[Opening LISTED RECORDS section]
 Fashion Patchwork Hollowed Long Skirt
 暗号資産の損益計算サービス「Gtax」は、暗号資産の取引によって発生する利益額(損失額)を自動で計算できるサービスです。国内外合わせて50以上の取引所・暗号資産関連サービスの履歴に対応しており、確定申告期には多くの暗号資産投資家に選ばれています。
[Closing LISTED RECORDS section]
[Opening LISTED RECORDS section]
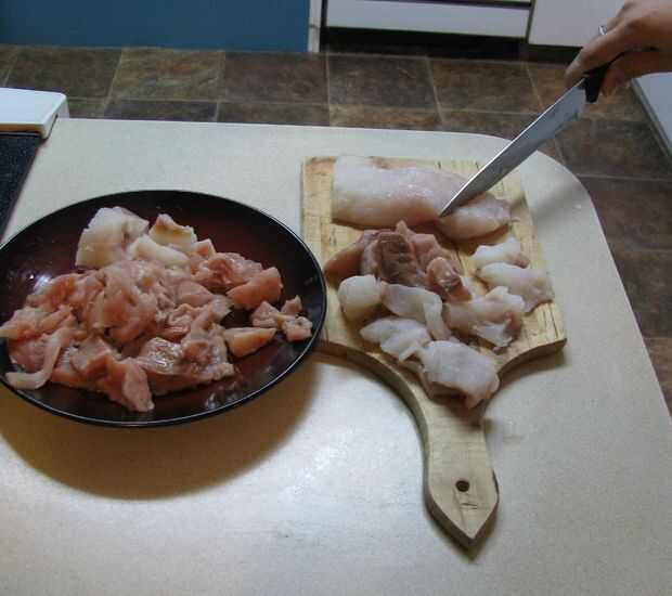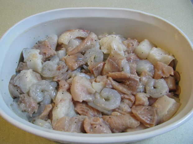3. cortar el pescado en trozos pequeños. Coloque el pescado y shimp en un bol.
[Closing LISTED RECORDS section]
● TASK INSTRUCTIONS:
Everything above from the line with "Fashion Patchwork Hollowed Long Skirt" to the line with "暗号資産の損益計算サービス「", both included, must be repeated exactly, and nothing outside that range.

● ANSWER TO THIS TASK:
 Fashion Patchwork Hollowed Long Skirt
 暗号資産の損益計算サービス「Gtax」は、暗号資産の取引によって発生する利益額(損失額)を自動で計算できるサービスです。国内外合わせて50以上の取引所・暗号資産関連サービスの履歴に対応しており、確定申告期には多くの暗号資産投資家に選ばれています。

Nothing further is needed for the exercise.